Penn State baseball (25-16, 12-11 Big Ten) fell for the second straight day in Los Angeles against No. 15 UCLA (31-11, 15-5 Big Ten) as it was dominated from the start with a 9-1 defeat, narrowly avoiding a run-rule loss.
Mason Horwat got off to a solid start through three innings before the floodgates opened, and the offense couldn’t carry over the momentum from the ninth inning on Friday, nearly being shut out by the Bruins.
How It Happened
Unlike the first inning of the series opener, both offenses were silent to start Saturday.

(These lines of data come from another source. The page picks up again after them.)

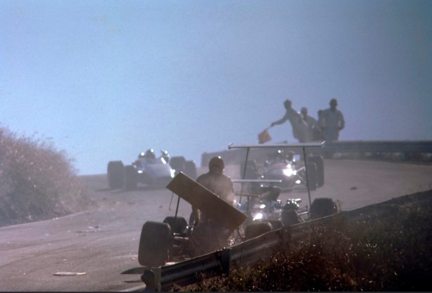 Dick Simpson’s shot was taken at precisely the same time as John Arkwright’s (look at Max in each shot) albeit a bit further down the mountain. Its Leo Geoghegan’s Lotus 39 Repco framed by Allen’s wing with Glynn baring down on the action on the left and about to become a part of it.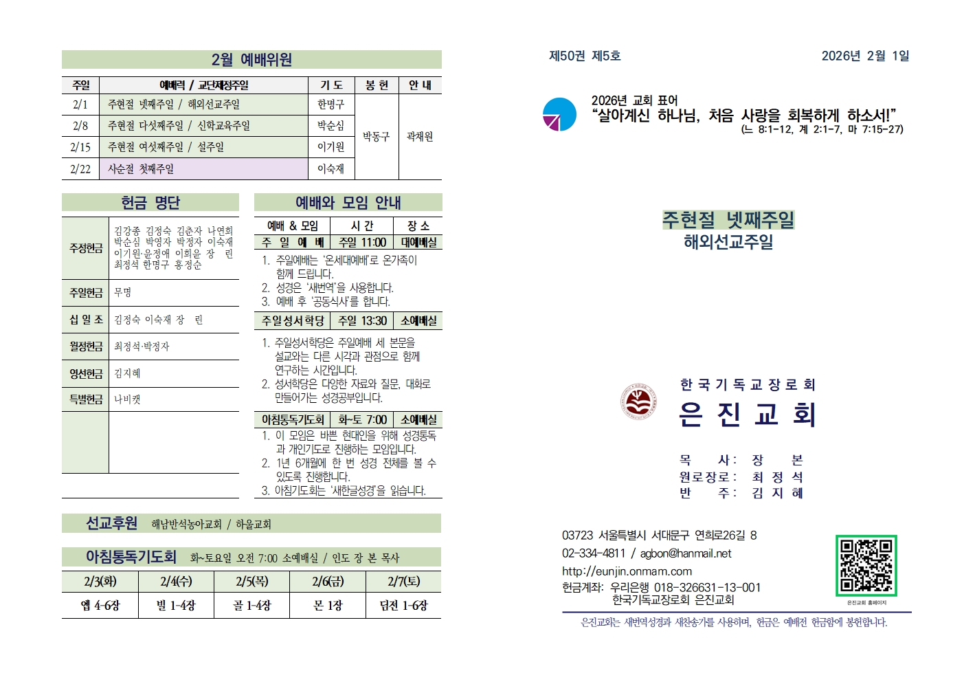 20260201 주현절 넷째주일 / 해외선교주일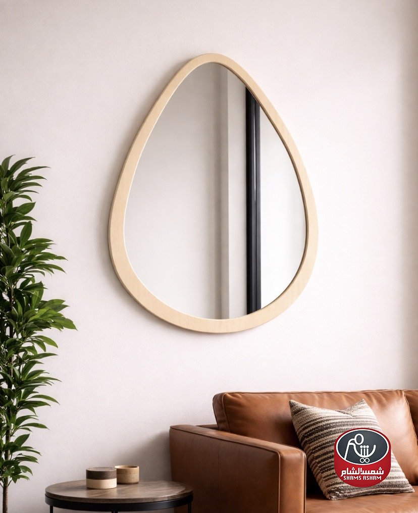 مرآة بتصميم عضوي عصري وإطار خشبي فاتح يضيف دفء وأناقة للمكان، مثالية لغرف المعيشة والمداخل وتنسجم مع الديكور المودرن والبسيط. شكلها المميز يمنح الجدار لمسة فنية ويعكس الإضاءة ليعطي إحساس بمساحة أوسع.

Michael Barnett took the mound for UCLA and made quick work of Penn State’s top of the order, sitting them down 1-2-3 with two strikeouts. Horwat gave up a leadoff single, but got a lineout to center field before getting Mulivai Levu to ground into a 3-6 double play to end the inning.
Bryce Molinaro led off the second with a single but was eventually stranded on third base. A one-out triple off of Horwat led to UCLA taking a 1-0 lead after an RBI single by Payton Brennan.
Ryan Weingartner got a two-out single in the third and looked to steal his 25th base, but was gunned down on a pitch-out to end the inning, his first time being caught stealing this season. Horwat stayed steady, keeping it at 1-0 after three.
Jack Porter hit a double off the wall with one out in the fourth to give Penn State a runner in scoring position, but nobody could drive him in. Aside from the first and ninth innings of Friday’s game, Penn State has been ghastly with runners on base.
Penn State’s failure to tie the game came back to bite it, as Horwat gave up a leadoff home run in the bottom half of the inning to Roch Cholowsky. That home run started a string of baserunners for UCLA that saw the lead explode to 6-0 by the time Horwat was removed for Mason Butash with two outs.
Butash gave up UCLA’s third home run of the day in the fifth to make it 8-0, while the Penn State offense continued to get a runner on and strand it every inning.
Butash was pulled after allowing another run in the sixth for Will Andrews, who got through it unscathed, but UCLA led 9-0. In the top of the seventh, Matt Maloney grounded into a double play to end the inning, moving Penn State to 0-for-10 with runners on base.
Good work by Andrews kept the Nittany Lions from being run-ruled with two scoreless innings. Penn State was an out away from being blanked, but a pair of singles by Molinaro and Jesse Jaconski got them on the scoreboard before the final out was recorded.
Horwat took the loss, falling to 4-4 on the season.
Takeaways
- After back-to-back strong efforts against ranked opponents this week, Penn State looked overmatched from the start on Saturday afternoon. The strong pitching that kept them afloat was nonexistent at Jackie Robinson Field for this one.
- Penn State’s offense has scored in only three of the 18 innings in this series. Against ranked opponents, they’ve scored in five of 27. While they rarely go down 1-2-3 in an inning, their recent struggles with runners on base need to be fixed if the team wants to make a run in next month’s Big Ten Tournament.
- This could’ve been a lot uglier for Penn State. UCLA flew out to the warning track at least five times in this one. Meanwhile, Porter’s fourth-inning double was the only one that got close to going out for the Nittany Lions.
What’s Next
Penn State looks to avoid the sweep at Jackie Robinson Field in Los Angeles at 4 p.m. on Sunday, April 27.